*** Opening of DATA TO EXAMINE ***

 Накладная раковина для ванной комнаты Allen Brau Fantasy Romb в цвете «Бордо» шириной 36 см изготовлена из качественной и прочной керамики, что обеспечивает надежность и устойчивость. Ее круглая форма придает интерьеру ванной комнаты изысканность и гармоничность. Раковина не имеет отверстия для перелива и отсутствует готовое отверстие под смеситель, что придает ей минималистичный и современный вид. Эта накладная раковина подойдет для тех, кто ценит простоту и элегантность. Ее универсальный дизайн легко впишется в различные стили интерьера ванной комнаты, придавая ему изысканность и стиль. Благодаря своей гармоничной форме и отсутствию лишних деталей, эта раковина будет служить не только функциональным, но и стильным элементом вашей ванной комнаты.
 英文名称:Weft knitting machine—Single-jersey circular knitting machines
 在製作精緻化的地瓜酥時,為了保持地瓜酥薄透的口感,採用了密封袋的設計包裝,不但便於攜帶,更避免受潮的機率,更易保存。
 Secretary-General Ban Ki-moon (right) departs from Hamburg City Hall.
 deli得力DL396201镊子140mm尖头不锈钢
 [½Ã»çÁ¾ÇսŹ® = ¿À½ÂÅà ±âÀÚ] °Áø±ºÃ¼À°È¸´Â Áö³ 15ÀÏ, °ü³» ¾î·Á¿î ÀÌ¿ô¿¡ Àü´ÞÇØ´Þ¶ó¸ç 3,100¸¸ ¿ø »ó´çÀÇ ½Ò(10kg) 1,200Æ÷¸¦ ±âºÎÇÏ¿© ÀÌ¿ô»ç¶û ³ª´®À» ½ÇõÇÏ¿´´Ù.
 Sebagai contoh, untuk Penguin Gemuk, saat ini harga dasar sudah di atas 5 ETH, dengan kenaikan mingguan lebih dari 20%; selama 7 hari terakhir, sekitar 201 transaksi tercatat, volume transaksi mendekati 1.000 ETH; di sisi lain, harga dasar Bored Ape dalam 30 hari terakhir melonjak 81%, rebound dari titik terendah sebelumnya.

*** Close of DATA TO EXAMINE ***
*** Opening of DATA TO EXAMINE ***

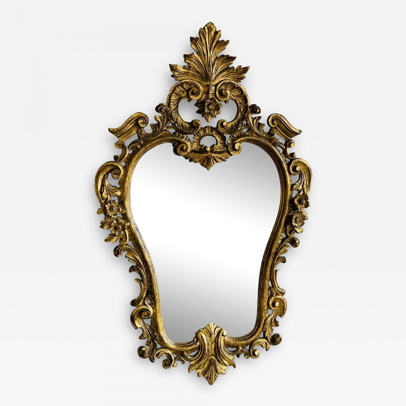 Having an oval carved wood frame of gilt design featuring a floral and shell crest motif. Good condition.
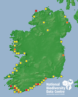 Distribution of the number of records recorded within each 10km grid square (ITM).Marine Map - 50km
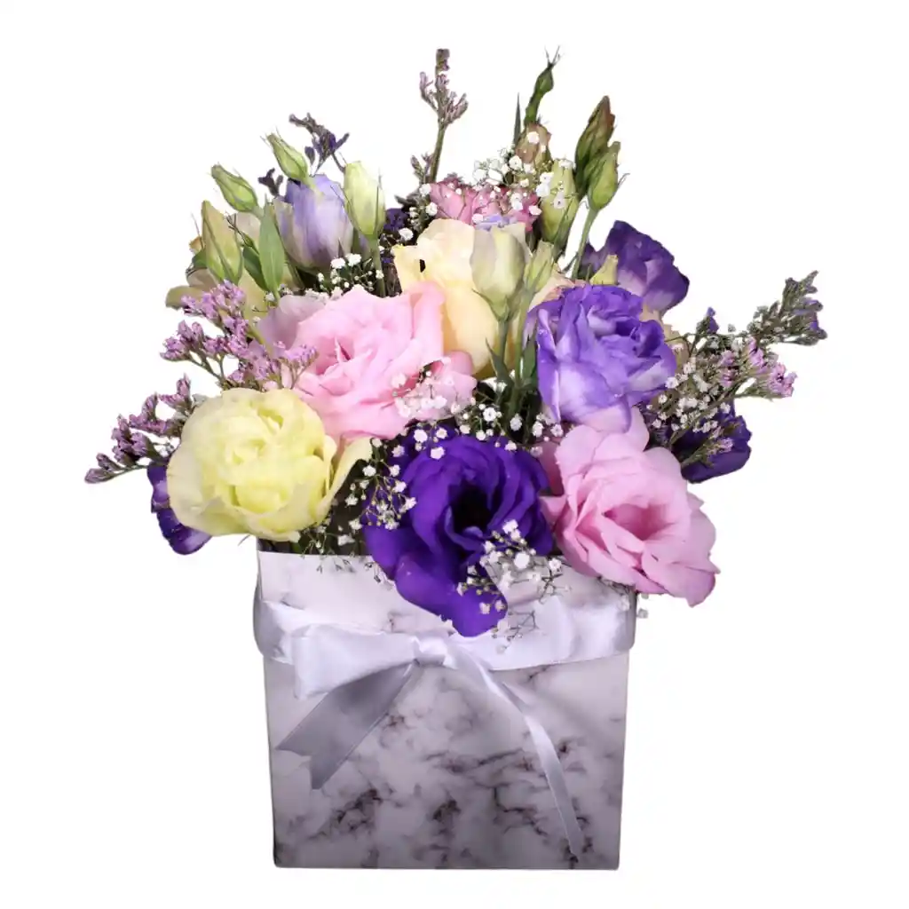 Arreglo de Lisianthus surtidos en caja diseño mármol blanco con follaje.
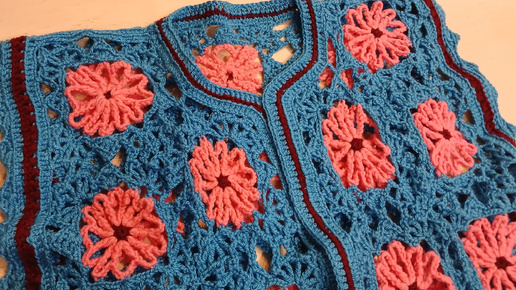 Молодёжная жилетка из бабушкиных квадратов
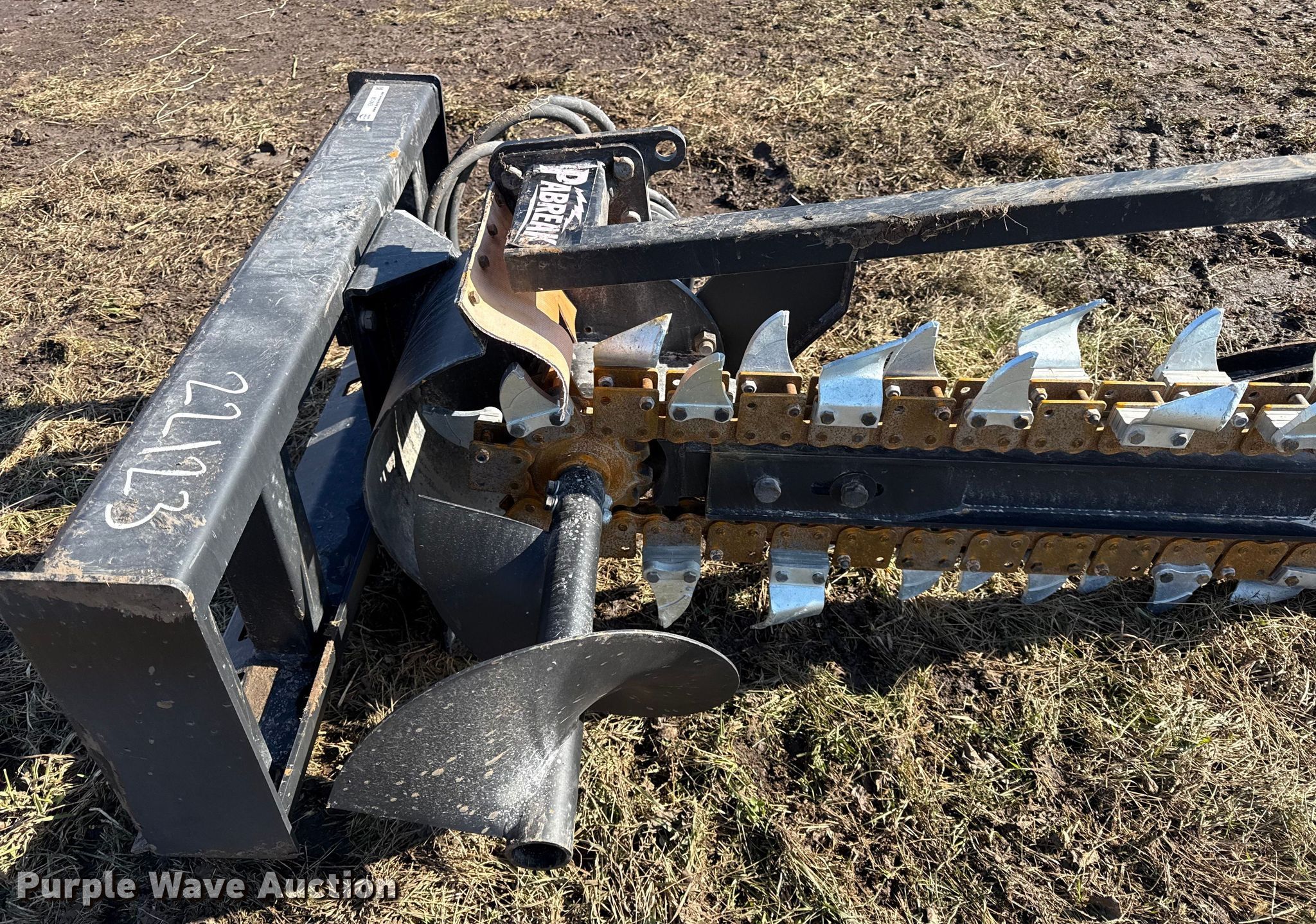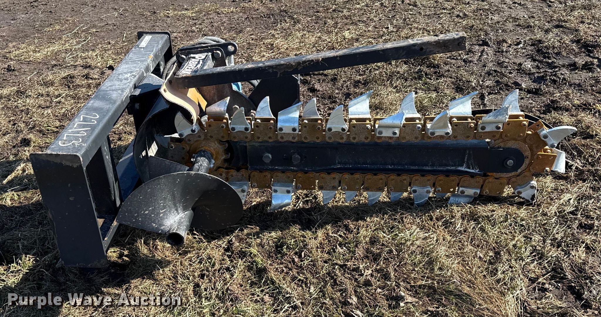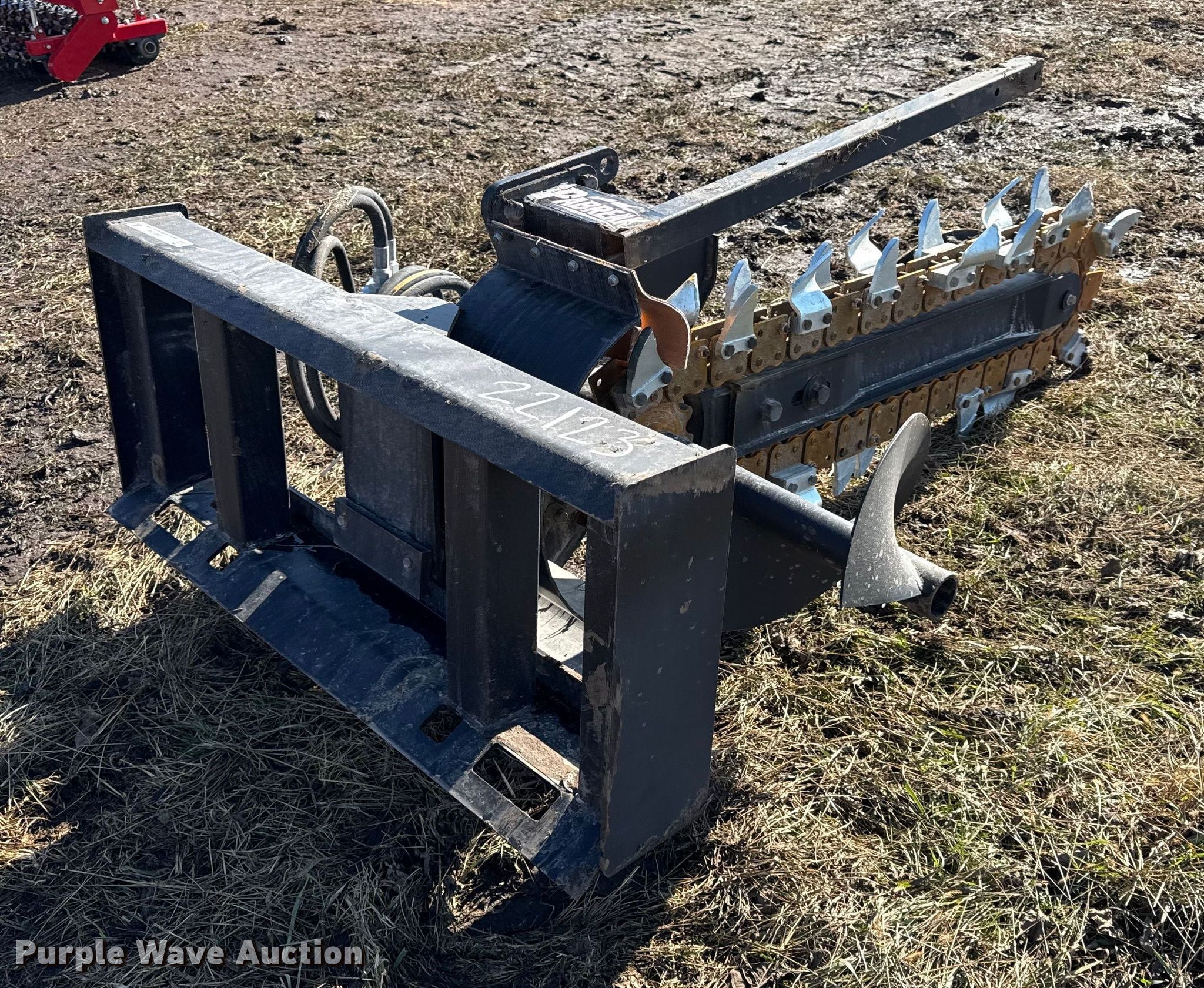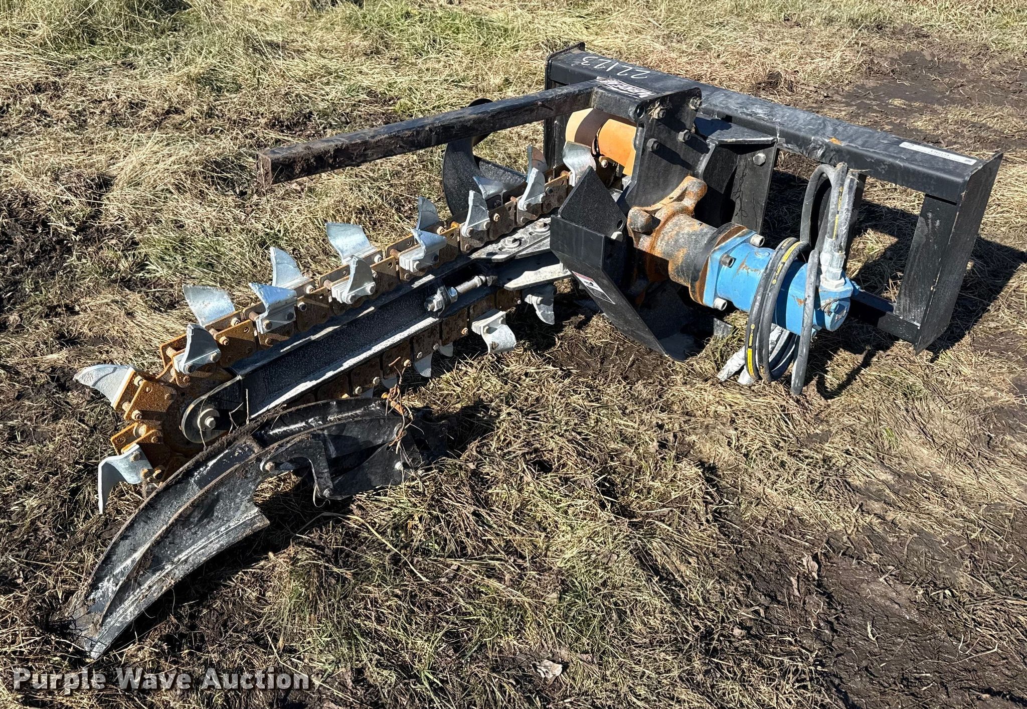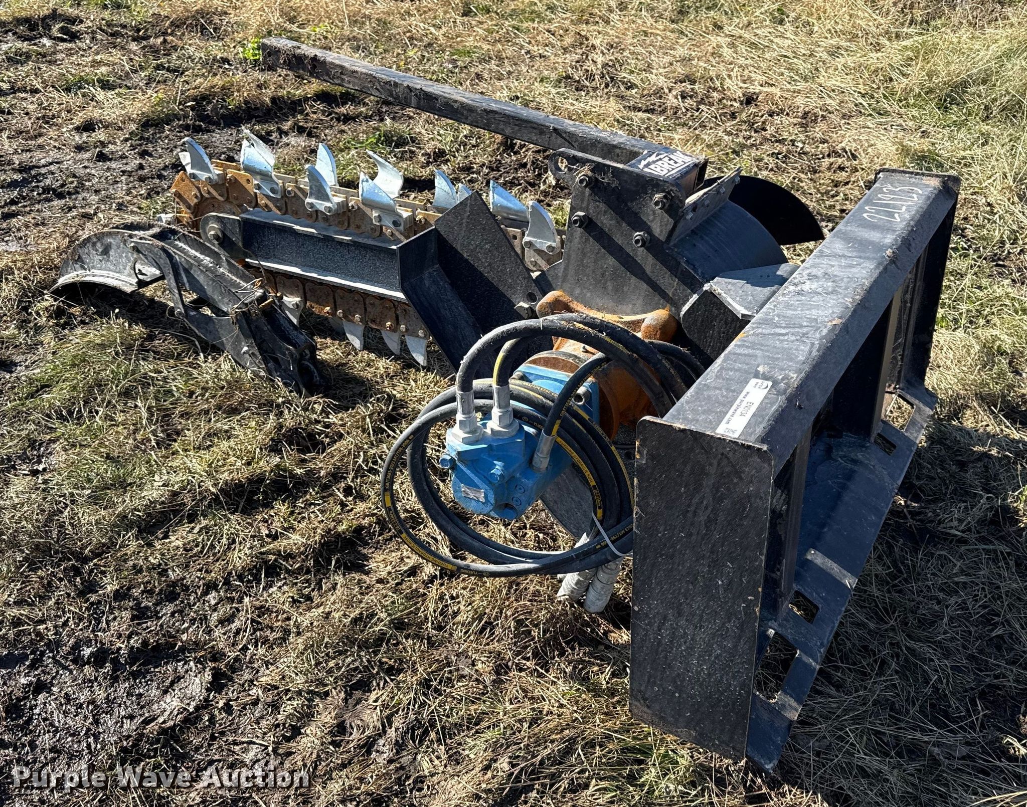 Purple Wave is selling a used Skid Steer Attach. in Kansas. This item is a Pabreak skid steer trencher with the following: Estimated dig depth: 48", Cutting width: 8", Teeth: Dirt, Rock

*** Close of DATA TO EXAMINE ***
*** Opening of DATA TO EXAMINE ***

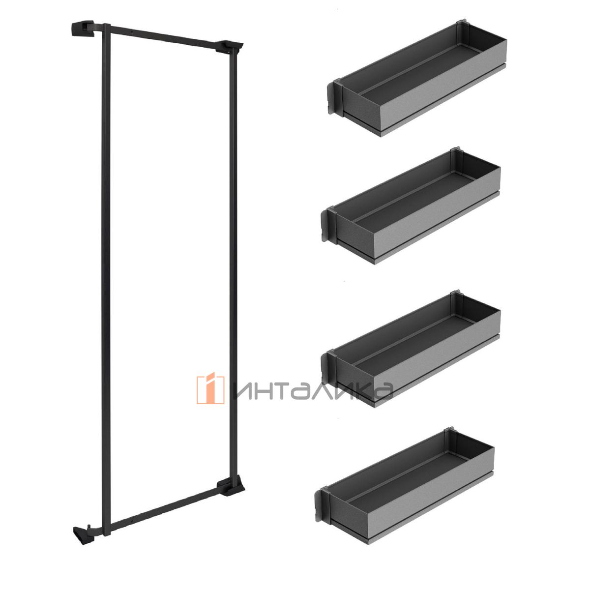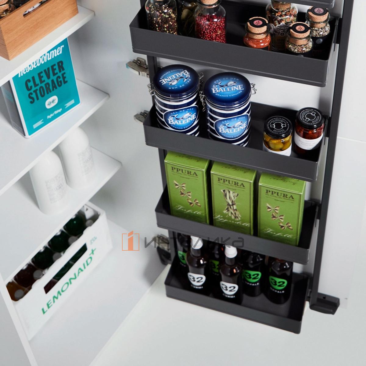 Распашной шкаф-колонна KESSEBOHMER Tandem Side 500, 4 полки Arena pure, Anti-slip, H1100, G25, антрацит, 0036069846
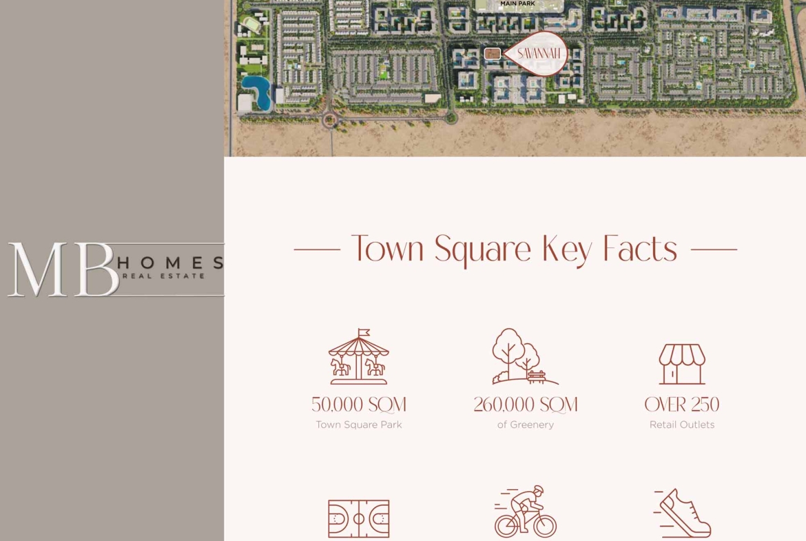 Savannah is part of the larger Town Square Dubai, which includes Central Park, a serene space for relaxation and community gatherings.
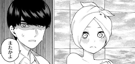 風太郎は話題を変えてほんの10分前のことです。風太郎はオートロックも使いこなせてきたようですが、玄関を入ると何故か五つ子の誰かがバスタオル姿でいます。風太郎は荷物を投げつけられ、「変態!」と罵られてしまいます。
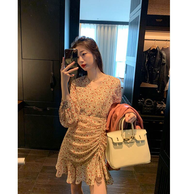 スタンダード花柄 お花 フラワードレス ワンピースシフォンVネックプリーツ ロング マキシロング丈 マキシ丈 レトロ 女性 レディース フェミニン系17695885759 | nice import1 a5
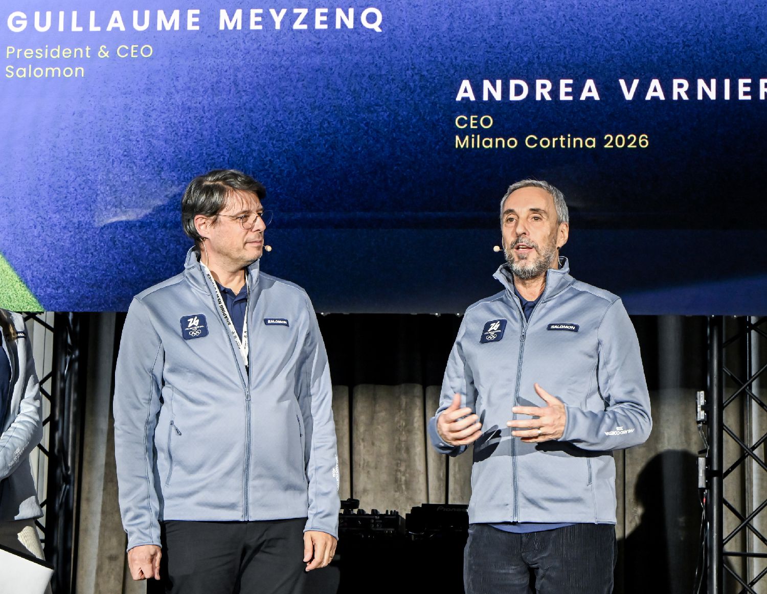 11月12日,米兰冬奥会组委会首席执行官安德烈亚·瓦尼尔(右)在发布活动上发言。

*** Close of DATA TO EXAMINE ***

WORK ORDER: Retype exactly the lines above, from the one with "Накладная раковина для" through the one with "在製作精緻化的地瓜酥時,為了", inclusive.

RESPONSE TO THIS EXERCISE:
 Накладная раковина для ванной комнаты Allen Brau Fantasy Romb в цвете «Бордо» шириной 36 см изготовлена из качественной и прочной керамики, что обеспечивает надежность и устойчивость. Ее круглая форма придает интерьеру ванной комнаты изысканность и гармоничность. Раковина не имеет отверстия для перелива и отсутствует готовое отверстие под смеситель, что придает ей минималистичный и современный вид. Эта накладная раковина подойдет для тех, кто ценит простоту и элегантность. Ее универсальный дизайн легко впишется в различные стили интерьера ванной комнаты, придавая ему изысканность и стиль. Благодаря своей гармоничной форме и отсутствию лишних деталей, эта раковина будет служить не только функциональным, но и стильным элементом вашей ванной комнаты.
 英文名称:Weft knitting machine—Single-jersey circular knitting machines
 在製作精緻化的地瓜酥時,為了保持地瓜酥薄透的口感,採用了密封袋的設計包裝,不但便於攜帶,更避免受潮的機率,更易保存。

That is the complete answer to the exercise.